■ PROBLEM STATEMENT ■
For the data below, transcribe the part that opens with the line containing "Hier ist Vorsicht" and closes with the line containing "SHA vs ABD Live", exactly and with no pictures.

■ SOURCE RECORDS ■
[Start of Attachment]
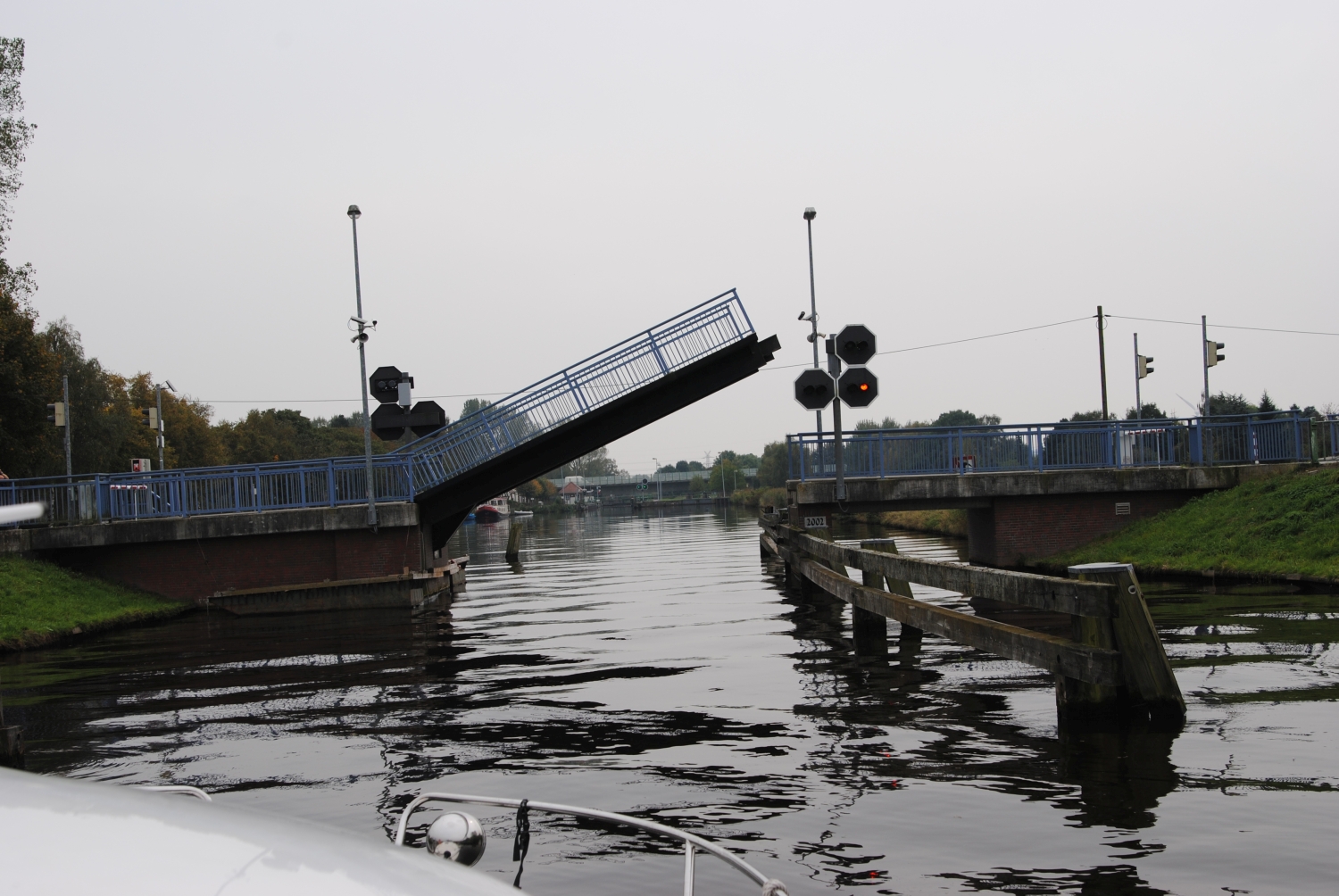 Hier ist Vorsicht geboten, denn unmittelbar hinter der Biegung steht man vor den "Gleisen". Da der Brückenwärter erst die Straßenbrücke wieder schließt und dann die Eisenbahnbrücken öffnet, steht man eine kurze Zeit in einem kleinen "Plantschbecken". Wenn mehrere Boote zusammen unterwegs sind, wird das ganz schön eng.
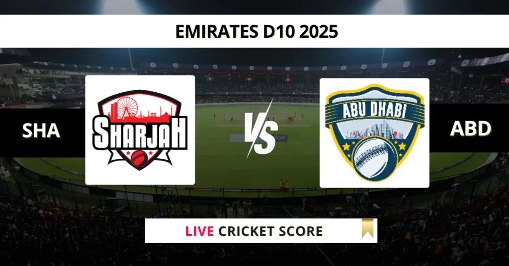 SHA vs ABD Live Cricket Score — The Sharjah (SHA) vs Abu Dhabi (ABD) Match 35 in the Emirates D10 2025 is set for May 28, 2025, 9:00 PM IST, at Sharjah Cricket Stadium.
[End of Attachment]
[Start of Attachment]
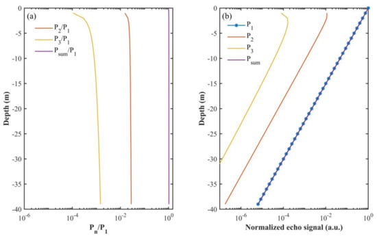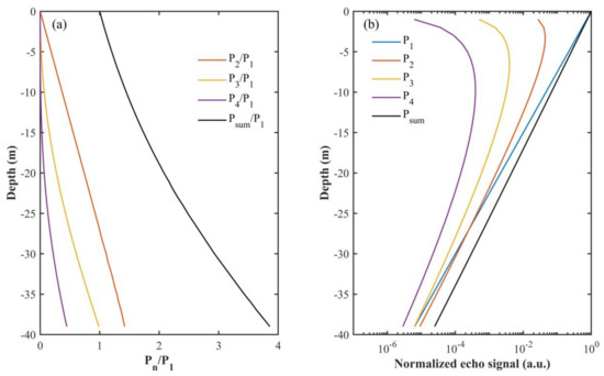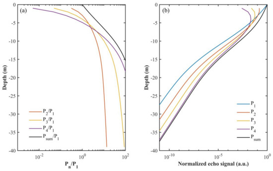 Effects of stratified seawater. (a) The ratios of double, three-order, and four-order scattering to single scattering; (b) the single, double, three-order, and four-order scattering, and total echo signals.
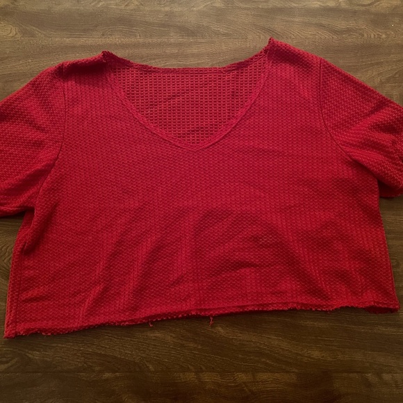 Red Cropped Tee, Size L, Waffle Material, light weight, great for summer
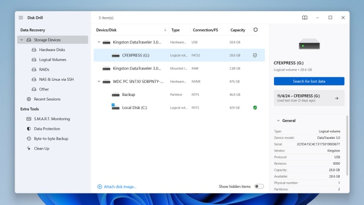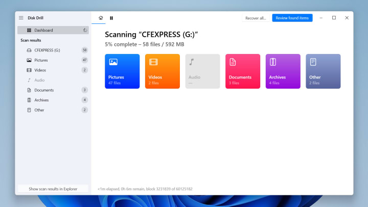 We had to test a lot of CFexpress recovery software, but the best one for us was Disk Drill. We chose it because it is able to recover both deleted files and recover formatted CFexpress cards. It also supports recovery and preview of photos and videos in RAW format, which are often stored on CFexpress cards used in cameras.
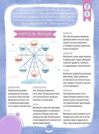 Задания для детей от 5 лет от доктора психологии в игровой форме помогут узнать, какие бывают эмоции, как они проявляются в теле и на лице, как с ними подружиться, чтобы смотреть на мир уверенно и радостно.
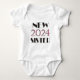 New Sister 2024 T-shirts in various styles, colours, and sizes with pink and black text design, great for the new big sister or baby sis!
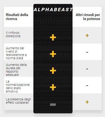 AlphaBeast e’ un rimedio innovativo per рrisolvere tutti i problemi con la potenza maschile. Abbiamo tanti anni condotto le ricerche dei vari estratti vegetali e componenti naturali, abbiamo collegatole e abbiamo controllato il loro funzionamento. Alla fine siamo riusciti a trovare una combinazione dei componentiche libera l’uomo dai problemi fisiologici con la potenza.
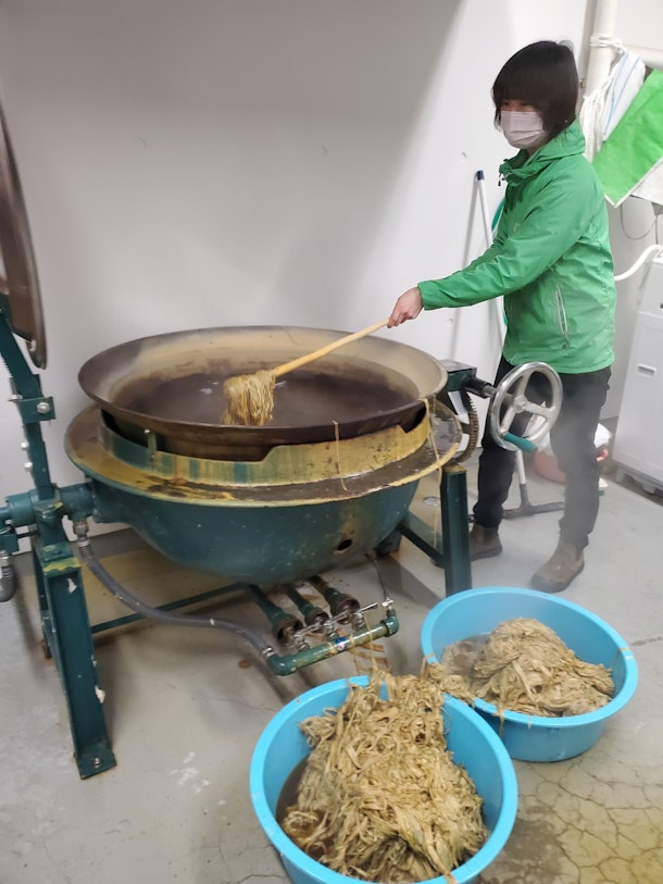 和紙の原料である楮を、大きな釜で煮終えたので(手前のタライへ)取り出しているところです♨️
[End of Attachment]
[Start of Attachment]
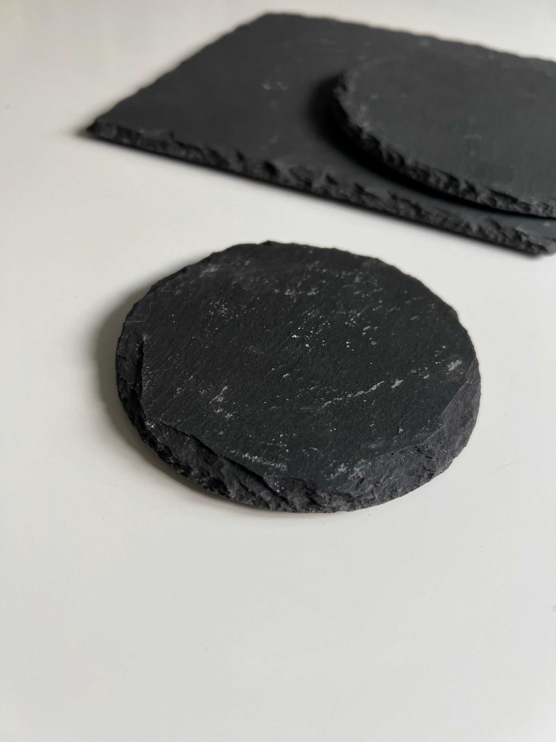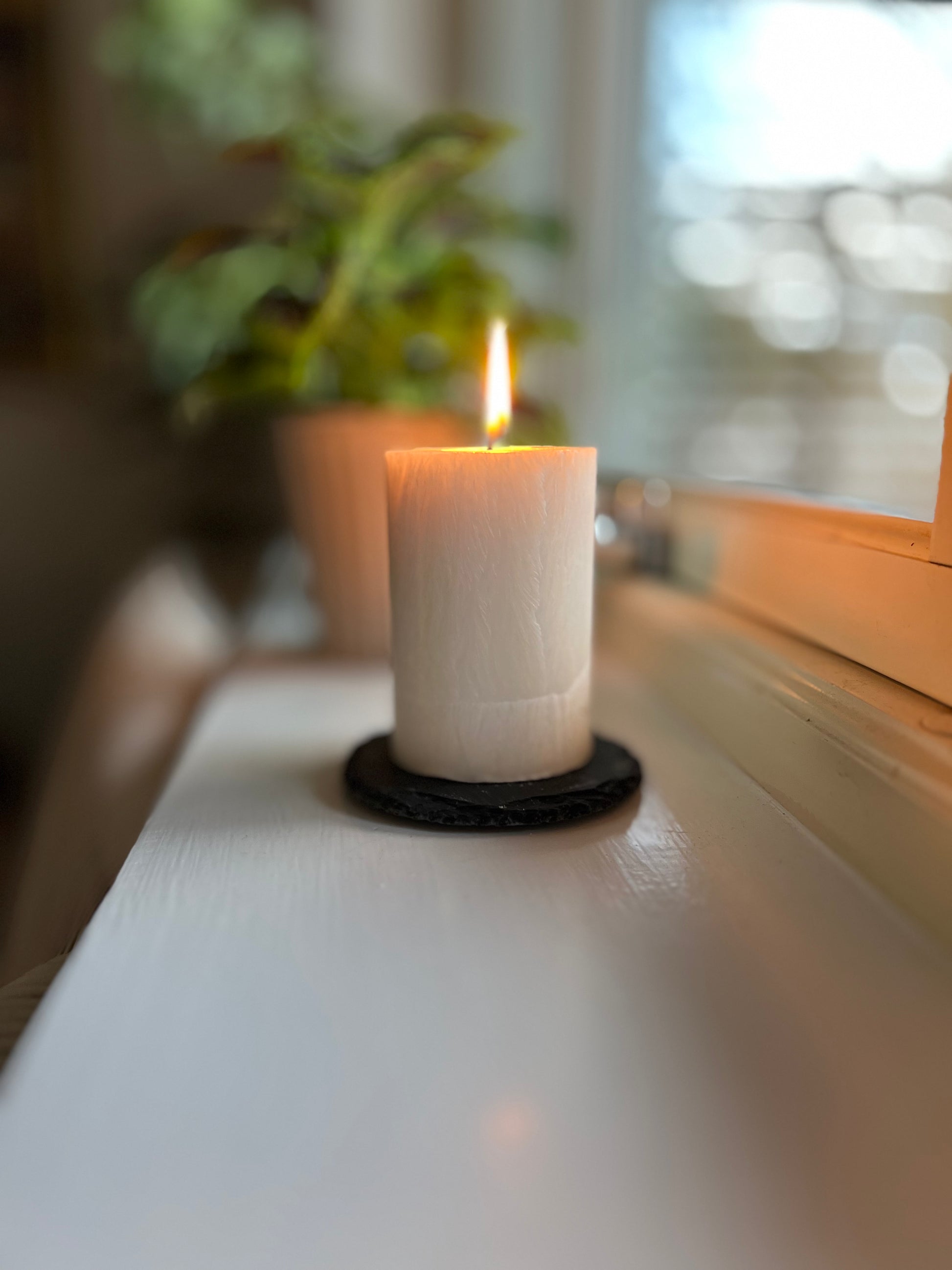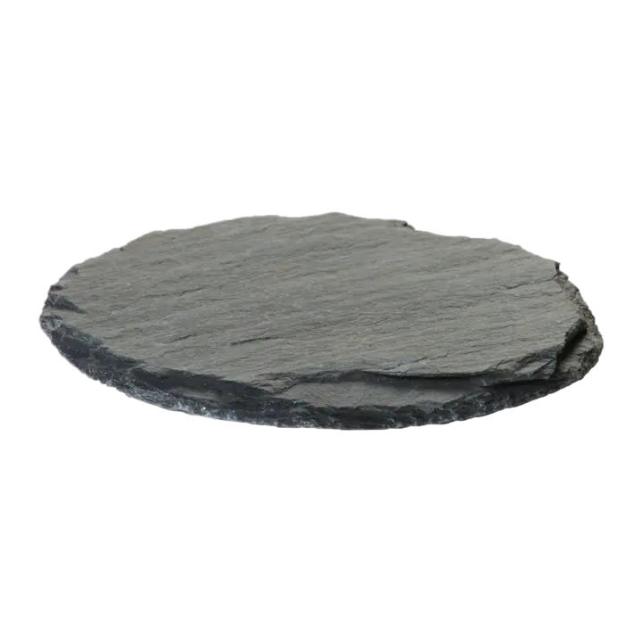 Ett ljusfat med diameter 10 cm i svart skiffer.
[End of Attachment]
■ SOLVED EXERCISE ■
 Hier ist Vorsicht geboten, denn unmittelbar hinter der Biegung steht man vor den "Gleisen". Da der Brückenwärter erst die Straßenbrücke wieder schließt und dann die Eisenbahnbrücken öffnet, steht man eine kurze Zeit in einem kleinen "Plantschbecken". Wenn mehrere Boote zusammen unterwegs sind, wird das ganz schön eng.
 SHA vs ABD Live Cricket Score — The Sharjah (SHA) vs Abu Dhabi (ABD) Match 35 in the Emirates D10 2025 is set for May 28, 2025, 9:00 PM IST, at Sharjah Cricket Stadium.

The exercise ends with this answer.